Confessions of a Tax Collector

This new book — Confessions of a Tax Collector: One Man’s Tour of Duty Inside the IRS by former 12 year IRS agent, Richard Yancey — looks potentially interesting. Mr. Yancey describes his 12 years with the IRS in which he relates everything from his General Patton-type trainer who wished he could carry a gun to his own development into someone who could close down a four-person woodworking shop for failure to pay payroll taxes and seize homes of the tax delinquent without losing sleep.

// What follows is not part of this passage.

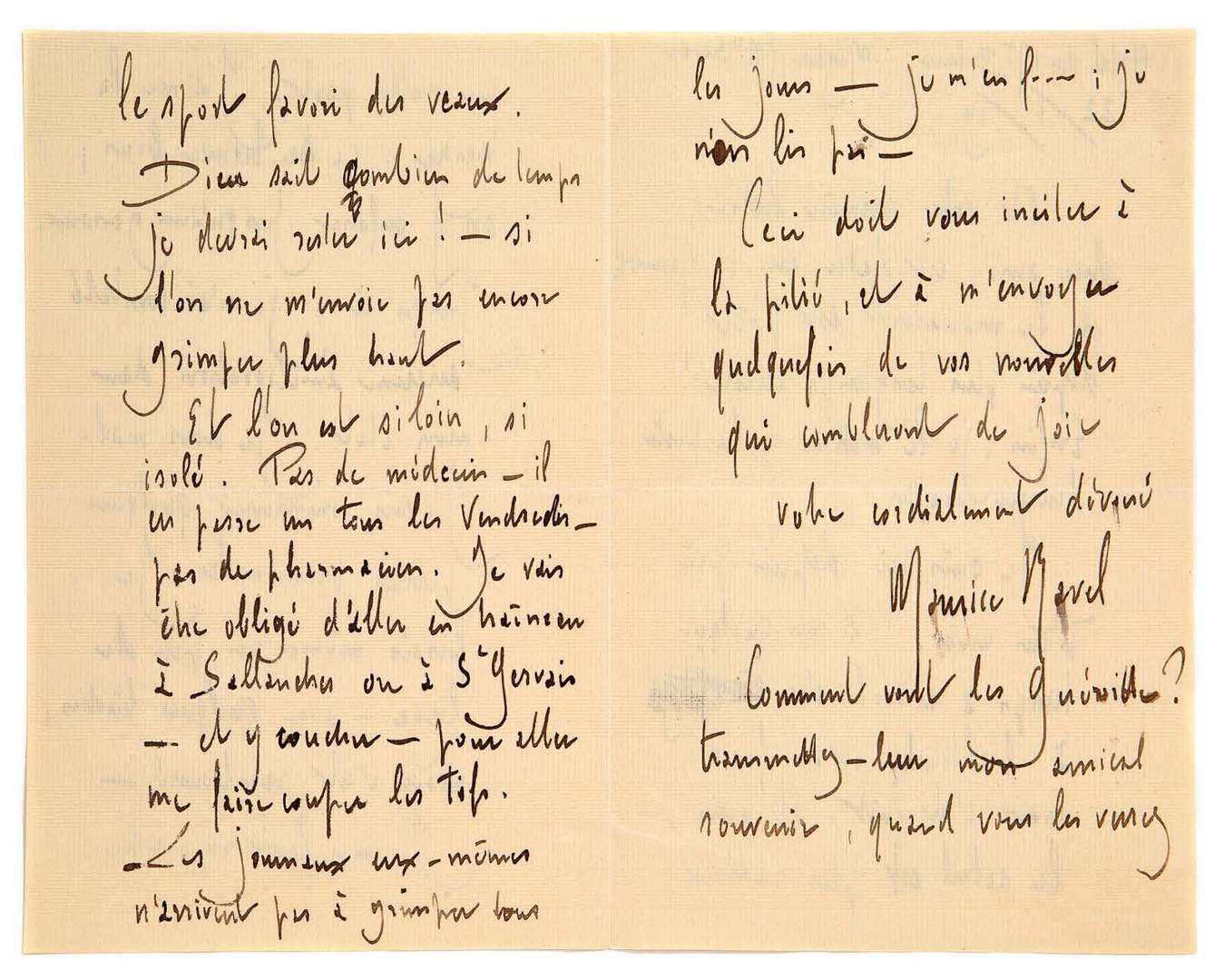 «Je suis ici depuis près d'un mois. J'ai mis quelque temps à m'acclimater à l'altitude et au froid, mais c'est fait. Et puis, le soleil est plus radieux que nulle part. J'aime la neige : ça se trouve bien | on y enfonce jusqu'aux genoux. Jusqu'ici, je n'ai constaté aucune amélioration dans mon état.

Enron’s reorganization plan

Eric Berger of the Houston Chronicle does a good job in this article summarizing the structure of Enron‘s plan of reorganization that is scheduled for a confirmation hearing in the New York Bankruptcy Court in April.
I’m been quite involved in the Enron case, initially representing a suitor of Enron’s online trading business, and then representing a former high-level Enron executive in several civil litigation matters and advising another former Enron executive and a former Arthur Andersen partner in regard to matters relating to the case. So, I’ve got a pretty good sense of what’s going on in the case. Inasmuch as Enron’s most recent Disclosure Statement — the document that a chapter 11 debtor distributes to creditors to provide them adequate information on which to make an informed judgment on the reorganization plan — was nearly 2000 pages, summarizing the plan in the context of a short newspaper article is no small feat. So, kudos to Mr. Berger.
One small nit, though. Eric, that’s “substantive” consolidation, not “substantial.”